Task:
An exact transcription of all the records below is required, without any images.

Source data:
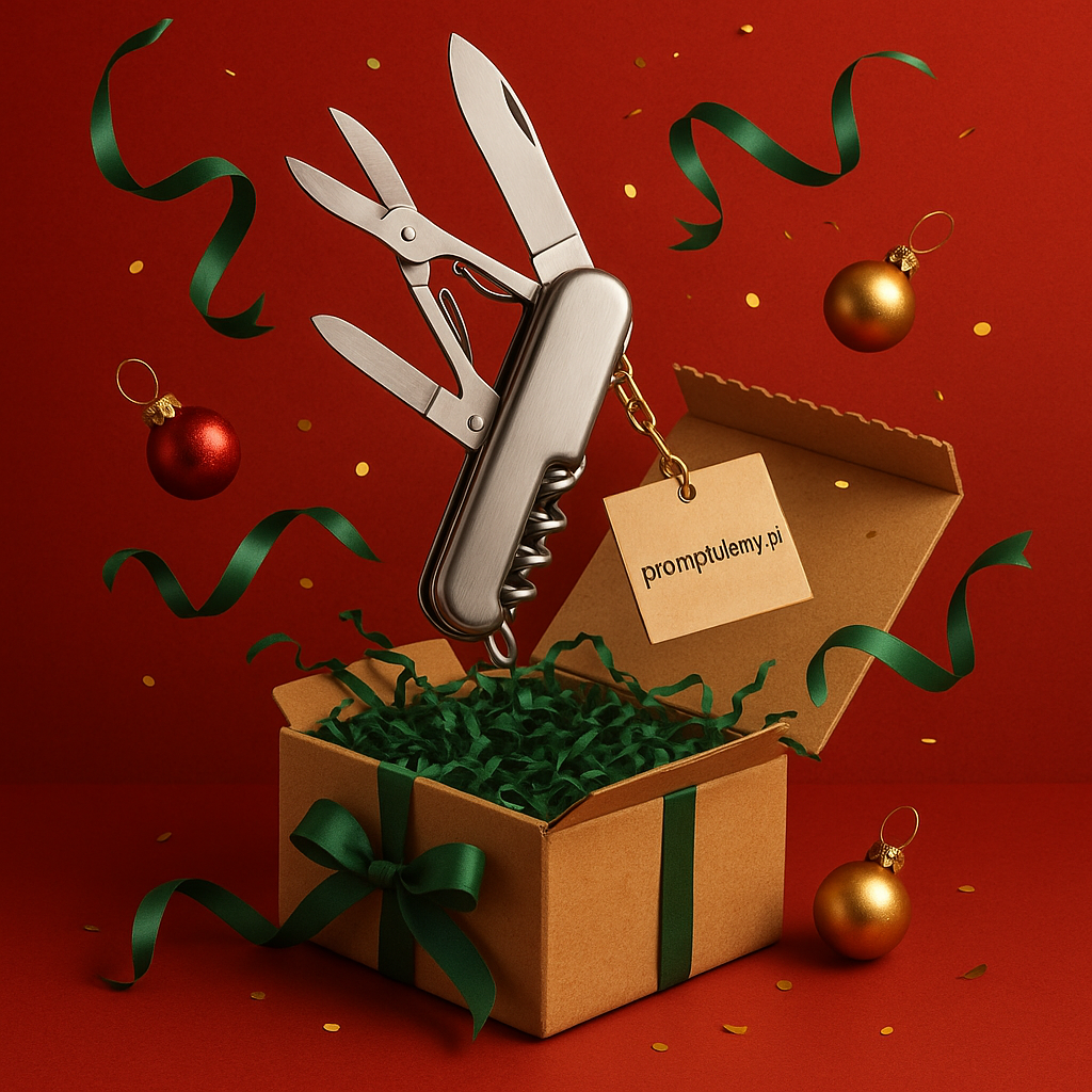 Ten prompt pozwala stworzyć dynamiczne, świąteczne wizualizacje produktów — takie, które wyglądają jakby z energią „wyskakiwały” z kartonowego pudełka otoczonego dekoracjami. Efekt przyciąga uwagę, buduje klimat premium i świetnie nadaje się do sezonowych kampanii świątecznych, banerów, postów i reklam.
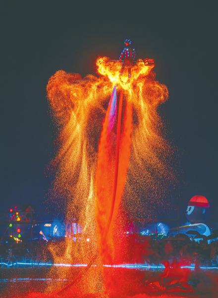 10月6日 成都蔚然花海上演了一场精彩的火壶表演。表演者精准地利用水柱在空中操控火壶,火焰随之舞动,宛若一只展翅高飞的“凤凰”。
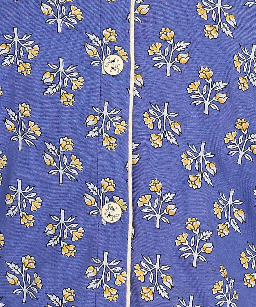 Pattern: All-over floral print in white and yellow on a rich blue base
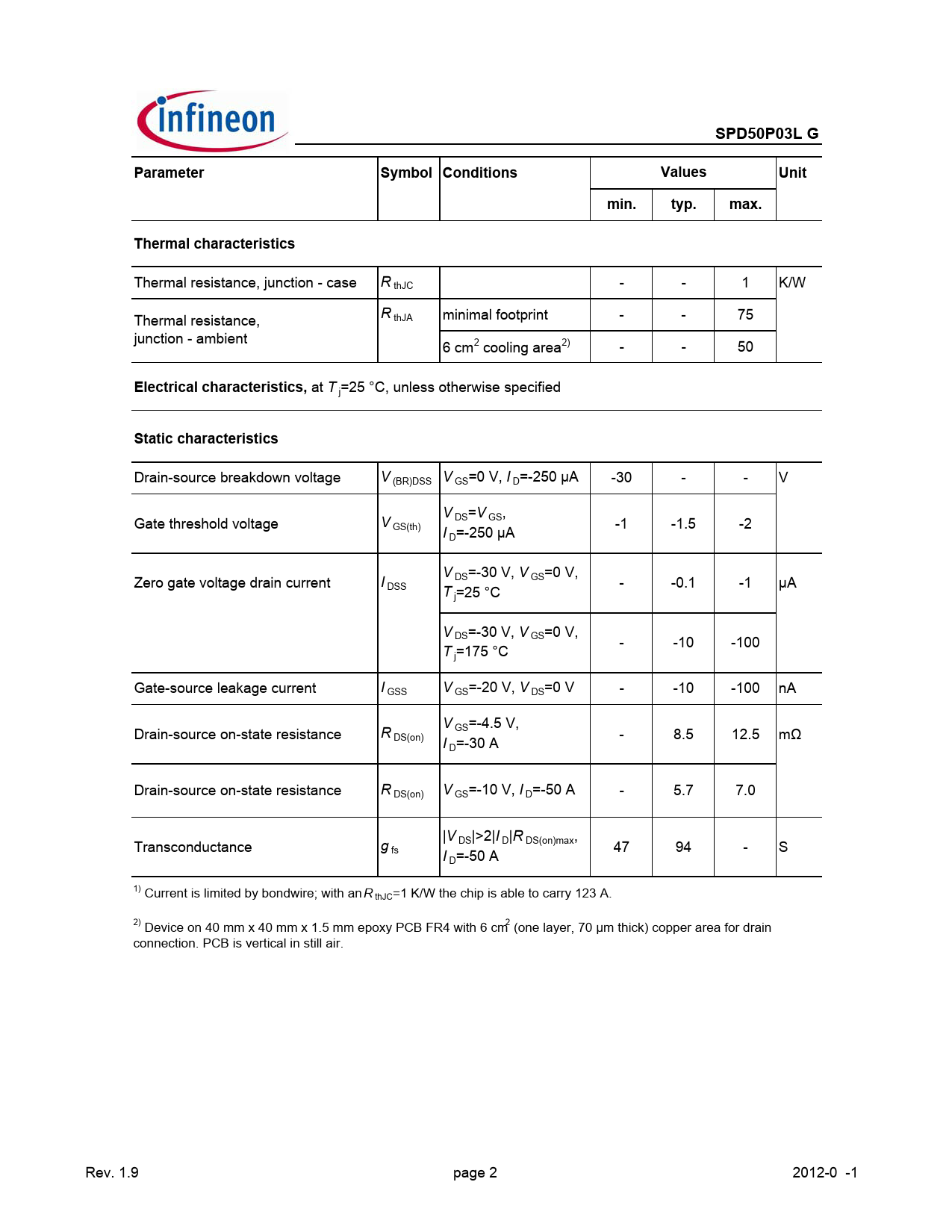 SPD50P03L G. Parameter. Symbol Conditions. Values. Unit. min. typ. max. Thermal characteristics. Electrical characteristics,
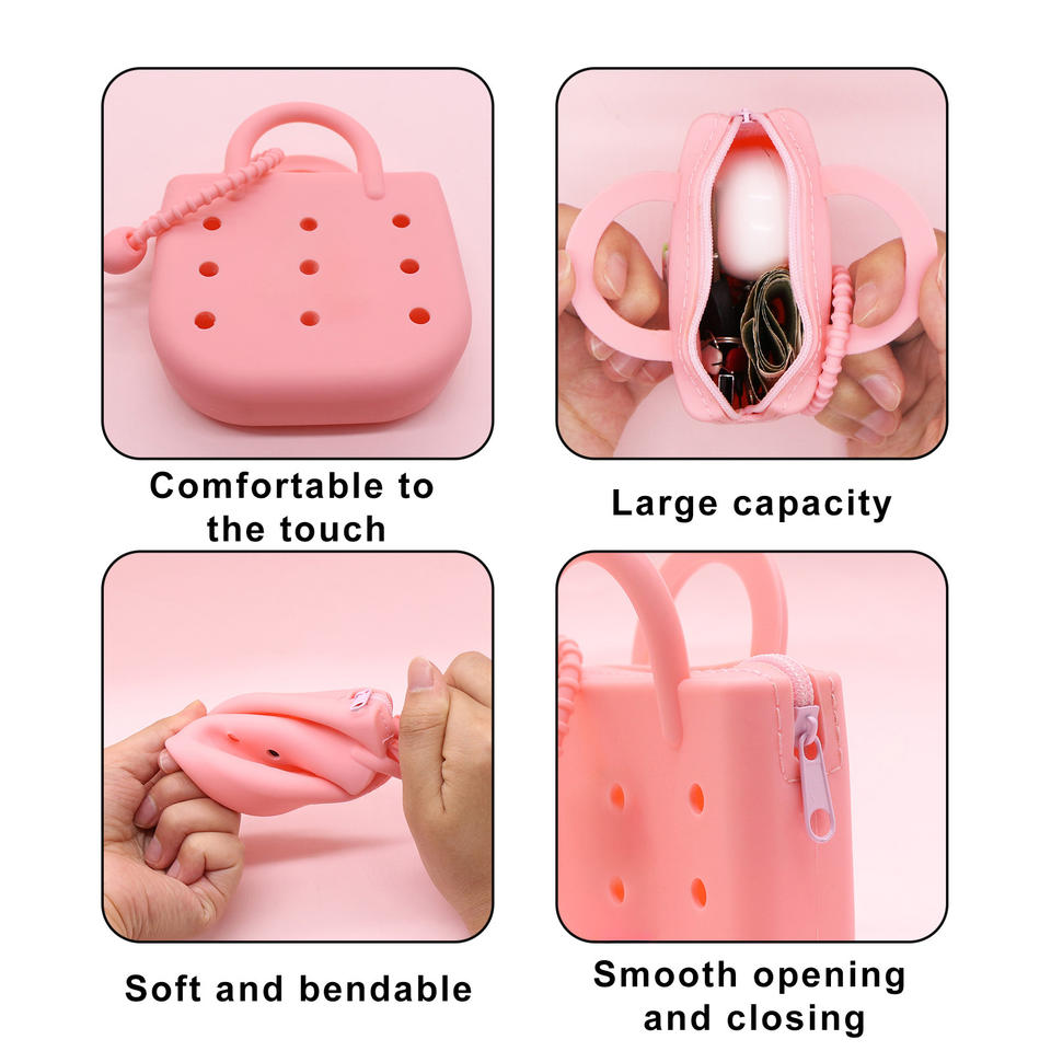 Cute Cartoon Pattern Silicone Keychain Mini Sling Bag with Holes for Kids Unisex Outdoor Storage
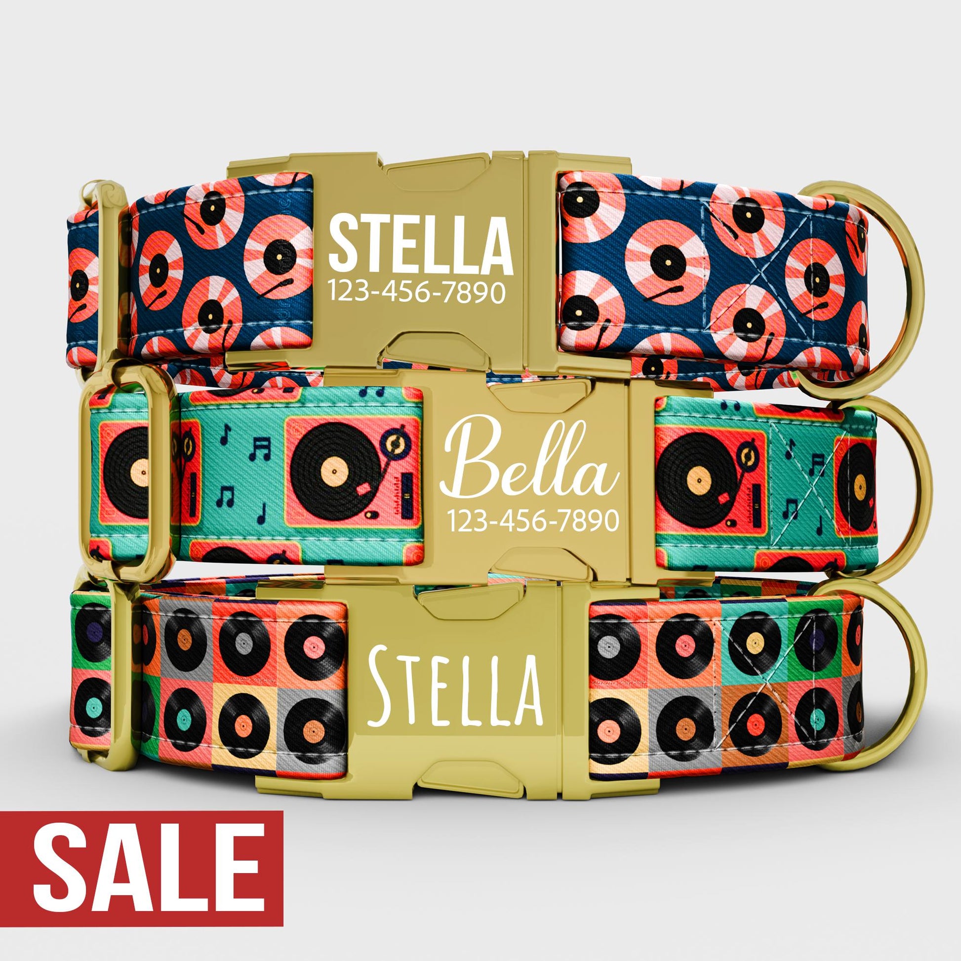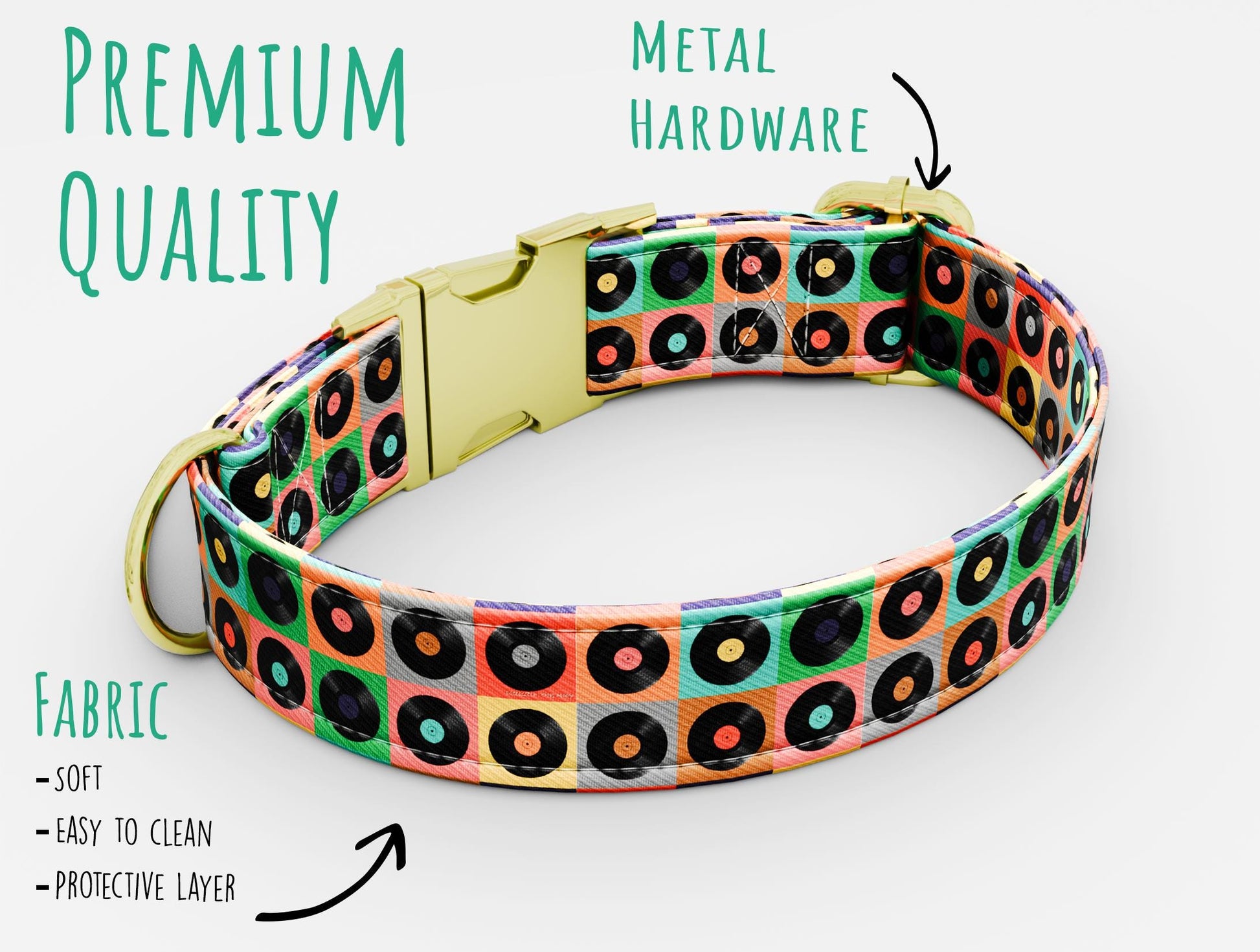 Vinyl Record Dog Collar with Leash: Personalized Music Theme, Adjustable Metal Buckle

Answer section:
 Ten prompt pozwala stworzyć dynamiczne, świąteczne wizualizacje produktów — takie, które wyglądają jakby z energią „wyskakiwały” z kartonowego pudełka otoczonego dekoracjami. Efekt przyciąga uwagę, buduje klimat premium i świetnie nadaje się do sezonowych kampanii świątecznych, banerów, postów i reklam.
 10月6日 成都蔚然花海上演了一场精彩的火壶表演。表演者精准地利用水柱在空中操控火壶,火焰随之舞动,宛若一只展翅高飞的“凤凰”。
 Pattern: All-over floral print in white and yellow on a rich blue base
 SPD50P03L G. Parameter. Symbol Conditions. Values. Unit. min. typ. max. Thermal characteristics. Electrical characteristics,
 Cute Cartoon Pattern Silicone Keychain Mini Sling Bag with Holes for Kids Unisex Outdoor Storage
 Vinyl Record Dog Collar with Leash: Personalized Music Theme, Adjustable Metal Buckle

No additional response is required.